As a transgender woman I get asked by gays and lesbians quite frequently how the T fits in the LGBT, and why transgender rights should be part of the larger gay agenda. Rather than shrug off the question, I take the time to actually answer. Quite simply, the T is included and should be included because being transgender is a core part of our identity, just as being gay, lesbian or bisexual is a part for others. We face many of the same challenges posed by heteronormativity in society. As a group we may not share all the challenges of being gay or lesbian, but there is a wealth of shared experience that gets talked about very little, and I hope to touch on some of this here.
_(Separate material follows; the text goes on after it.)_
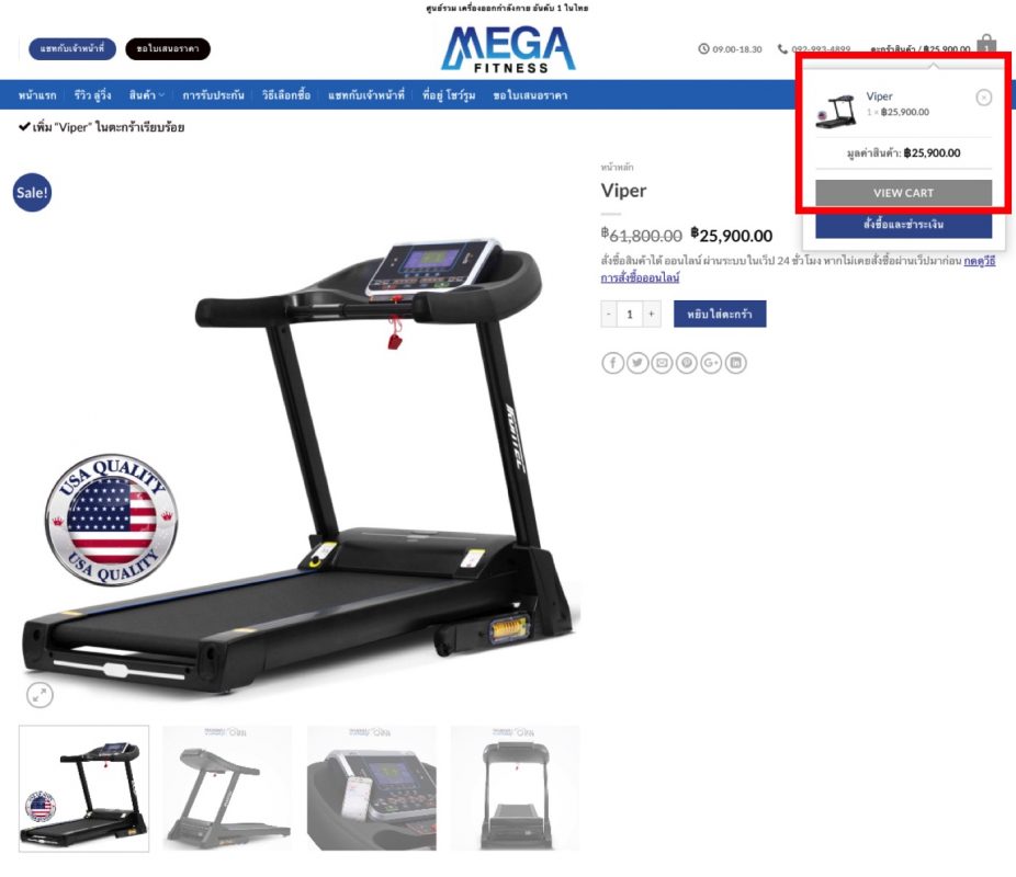 เมื่อกดปุ่ม หยิบใส่ตะกร้าแล้ว จะมีหน้าต่างขึ้นมา ให้กดปุ่ม “View Cart”

While transgender people have always been a part of the larger gay experience, there has been a schism of late. The gay majority in the LGBT have in the past dropped transgender rights from their platforms because of a political fear that their own rights would be denied by the inclusion of a seemingly relative few, and the knee-jerk reaction has always been to throw out transgender protections if it would make larger gay and lesbian protections more palatable to legislators and the voting public. While in current estimates transgender people make up around 1 percent of the U.S. population, and 4-5 percent for gays and lesbians, based on other countries the number of transgender people may be significantly under-reported and some studies, such as this one by the Transgender Law Center put the figure far higher, in the same ballpark as the percentage of gays and lesbians.
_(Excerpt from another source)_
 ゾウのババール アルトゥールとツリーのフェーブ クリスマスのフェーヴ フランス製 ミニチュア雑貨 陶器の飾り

In the past, transgender groups have been vociferous in our demands for inclusion, as we have seen the gap between ourselves and the rest of the LGBT widen even further due to the differences in narratives. However, while the narrative is different, the experience oftentimes is not. This is especially true with trans women who prefer women, and trans men who prefer men. Yes, the majority that you hear about are straight — women with men and men with women — but the statistics paint a completely different picture. Most transgender people are in actuality, either gay or lesbian. A University of Minnesota study suggests that 35 percent of trans women are attracted to women, vs 27 percent who are attracted to men. The same study also found that contrary to popular belief, most trans men are in fact gay.
A few weeks ago, a gay transgender man Lou Cutler was crowned Mr Gay Philadelphia, and a few weeks before that, trans woman Tobi Hill-Meyer was awardeda lesbian-oriented award for her work in the adult industry. Just like gays, lesbians and bisexuals — we’re here, we’re queer, and we’re as proud as the rest of you.
While our being born with an incongruous gender identity to our physical appearance may be difficult to understand for someone who has not experienced the pain, anguish, and hardship of dealing with the unique physical and mental ramifications of a brain/body mismatch, our sociological struggles related to sexual preference and non-conformity should ring home with the rest of the LGBT. Bears, twinks, butch, drag queens, to name just a few, are all non-conforming to heteronormative eyes — as are we.
When people are used to seeing us appear as male or female, our neighbors, family, friends and co-workers, as well as strangers we pass every day on the street, it is visually and psychologically shocking for them to see us wearing clothes and bearing the appearance of the opposite. Oftentimes it causes such a visceral reaction that we’re attacked based solely on appearance, or rejected by our family and friends, or fired from our places of employment. The visual issues of "passing" — how well one appears when presenting authentically for our gender, often mean the difference between life and death. While the sheer numbers of transgender women, in particular women of color, appears be more of a stark contrast to similar crimes against the rest of the LGBT, it’s important to remember that there are many gay and lesbian people who do not gender-conform, or appear to gender-conform, and therefore suffer the same targeting by those in heteronormative society who exhibit homophobia and transphobia. The biggest challenge as a trans person is that our struggles in heteronormative society aren’t solely based on our gender orientation, but also our presentation.
Sometimes, it’s easier to see the differences than it is to see our commonality in the greater LGBT. For example, I don’t know a lot of gay men who can truly relate to a lot of lesbian struggles, or lesbians who can relate to some gay issues. The same is just as true for transgender people. We face many of the same struggles for acceptance, struggles related to our sexual preference, and to our often non-gender-conforming appearance, as traditionally labelled gays and lesbians do. We in the T have done a poor job in the past of educating our gay and lesbian siblings to our needs, and have not taken the time to explain, but have instead widened the division on occasion. Yes, we in the T need to do a better job at educating our allies instead of attacking them when they’re misinformed on our issues, but conversely, we also need our allies to not shut down but actually listen to our voices. We are ALL far stronger together, than we would be apart.